==== Provided records ====

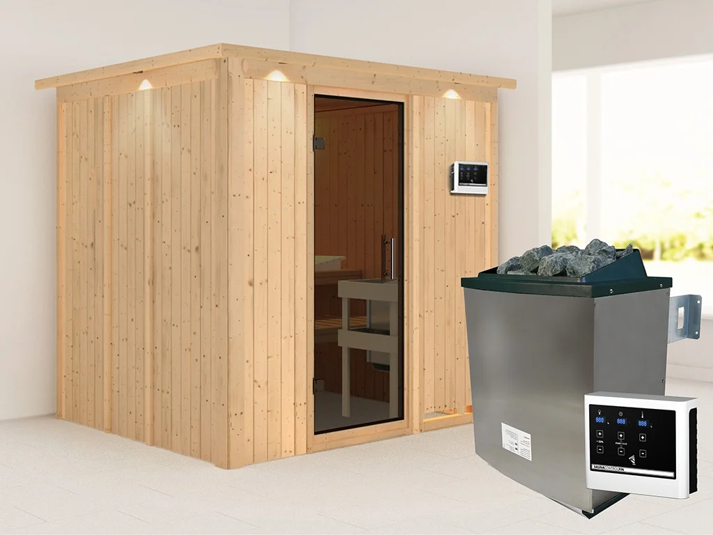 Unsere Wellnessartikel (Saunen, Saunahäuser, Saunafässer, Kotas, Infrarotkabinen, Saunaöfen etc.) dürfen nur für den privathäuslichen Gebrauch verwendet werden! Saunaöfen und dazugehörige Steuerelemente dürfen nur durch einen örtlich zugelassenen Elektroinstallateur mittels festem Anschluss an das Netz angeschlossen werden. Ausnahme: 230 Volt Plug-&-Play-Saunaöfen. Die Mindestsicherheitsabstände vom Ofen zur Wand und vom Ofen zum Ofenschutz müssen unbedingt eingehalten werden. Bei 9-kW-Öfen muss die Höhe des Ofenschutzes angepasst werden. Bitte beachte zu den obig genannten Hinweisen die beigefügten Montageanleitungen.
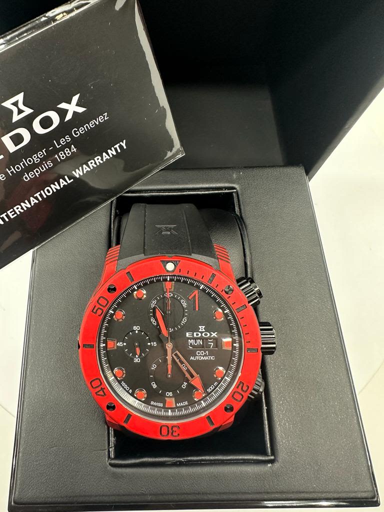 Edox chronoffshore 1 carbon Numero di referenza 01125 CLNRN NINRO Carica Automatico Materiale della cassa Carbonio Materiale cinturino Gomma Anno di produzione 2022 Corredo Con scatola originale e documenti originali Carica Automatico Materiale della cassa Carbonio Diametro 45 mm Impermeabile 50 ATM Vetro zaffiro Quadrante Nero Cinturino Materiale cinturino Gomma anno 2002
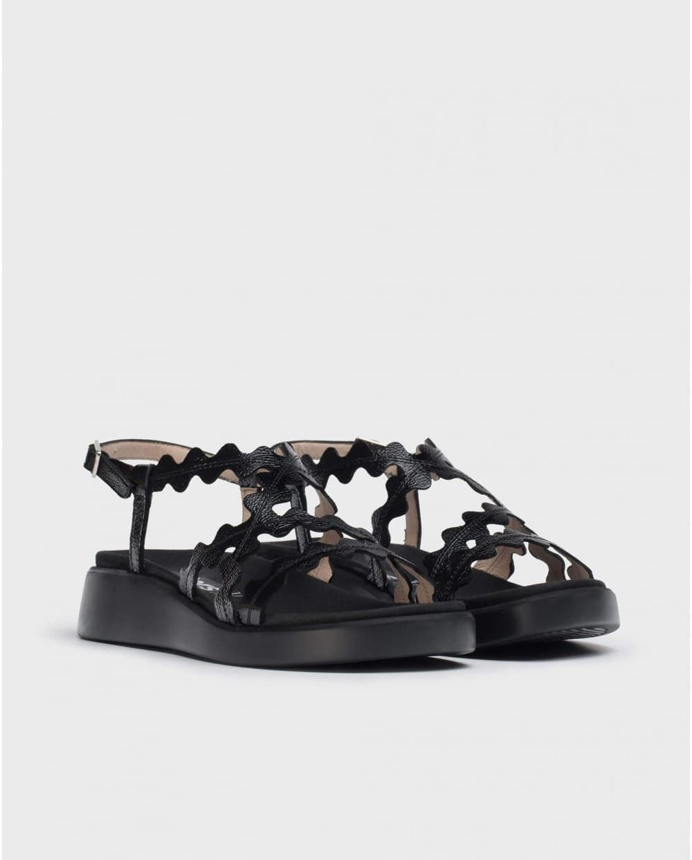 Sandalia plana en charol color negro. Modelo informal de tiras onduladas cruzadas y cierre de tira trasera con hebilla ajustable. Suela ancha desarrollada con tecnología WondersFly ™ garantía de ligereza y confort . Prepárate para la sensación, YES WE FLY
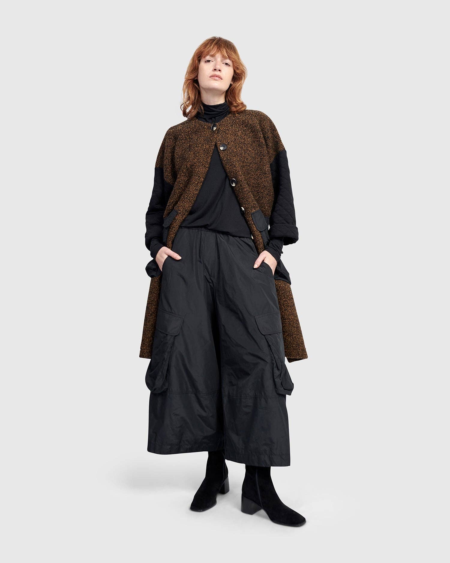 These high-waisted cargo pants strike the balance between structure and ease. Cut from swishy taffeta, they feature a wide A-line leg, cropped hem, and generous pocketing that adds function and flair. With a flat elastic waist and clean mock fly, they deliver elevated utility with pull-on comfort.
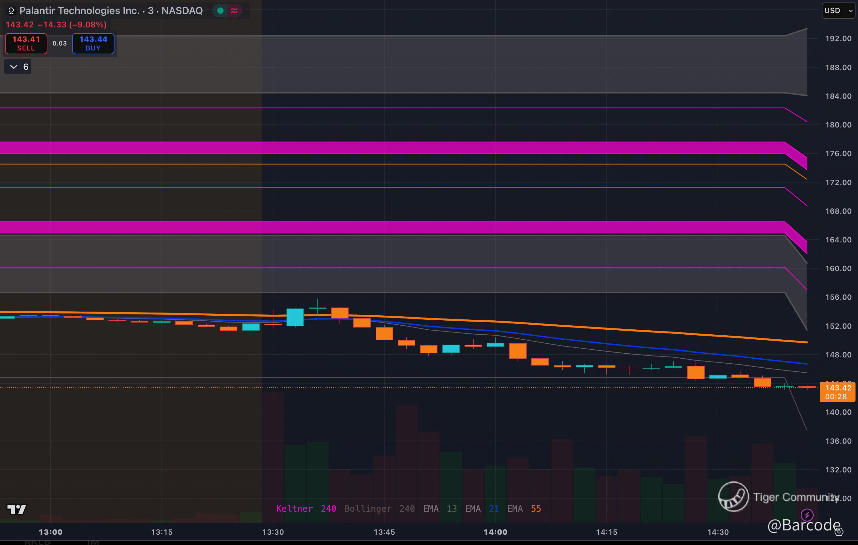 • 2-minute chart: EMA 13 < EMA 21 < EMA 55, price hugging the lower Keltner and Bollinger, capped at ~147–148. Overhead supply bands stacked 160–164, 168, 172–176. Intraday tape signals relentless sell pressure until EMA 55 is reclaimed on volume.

====
==== Provided records ====

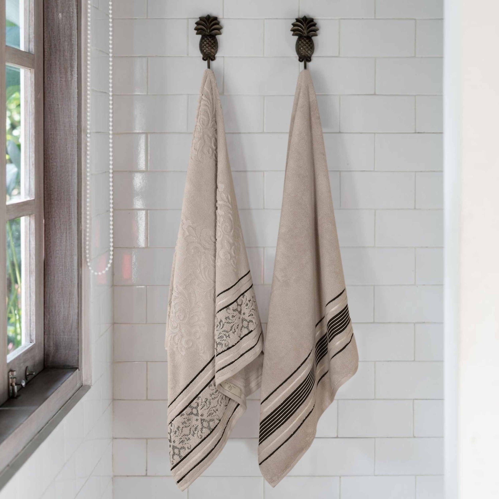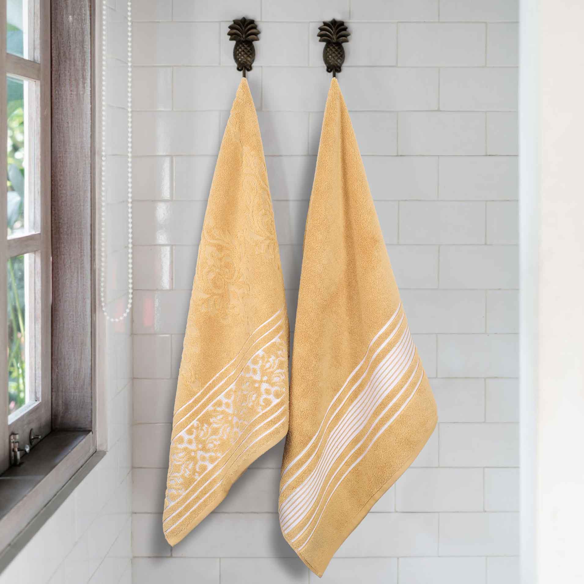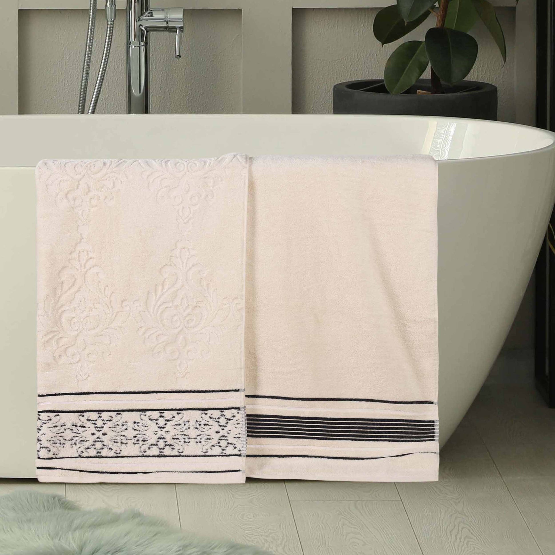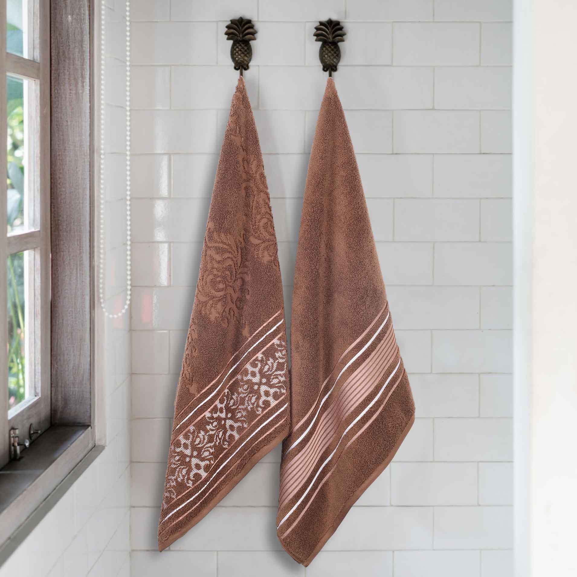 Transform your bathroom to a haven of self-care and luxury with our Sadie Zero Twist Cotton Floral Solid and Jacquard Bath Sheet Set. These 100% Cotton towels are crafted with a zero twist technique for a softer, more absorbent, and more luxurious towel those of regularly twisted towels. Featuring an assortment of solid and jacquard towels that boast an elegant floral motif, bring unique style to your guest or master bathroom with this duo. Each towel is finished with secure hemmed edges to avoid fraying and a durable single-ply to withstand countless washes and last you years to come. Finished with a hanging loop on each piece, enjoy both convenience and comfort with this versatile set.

====

Go back to the lines above and output, exactly as they stand, the ones from the line containing "These high-waisted cargo" to the line containing "reclaimed on volume.". Leave all pictures behind.

 These high-waisted cargo pants strike the balance between structure and ease. Cut from swishy taffeta, they feature a wide A-line leg, cropped hem, and generous pocketing that adds function and flair. With a flat elastic waist and clean mock fly, they deliver elevated utility with pull-on comfort.
 • 2-minute chart: EMA 13 < EMA 21 < EMA 55, price hugging the lower Keltner and Bollinger, capped at ~147–148. Overhead supply bands stacked 160–164, 168, 172–176. Intraday tape signals relentless sell pressure until EMA 55 is reclaimed on volume.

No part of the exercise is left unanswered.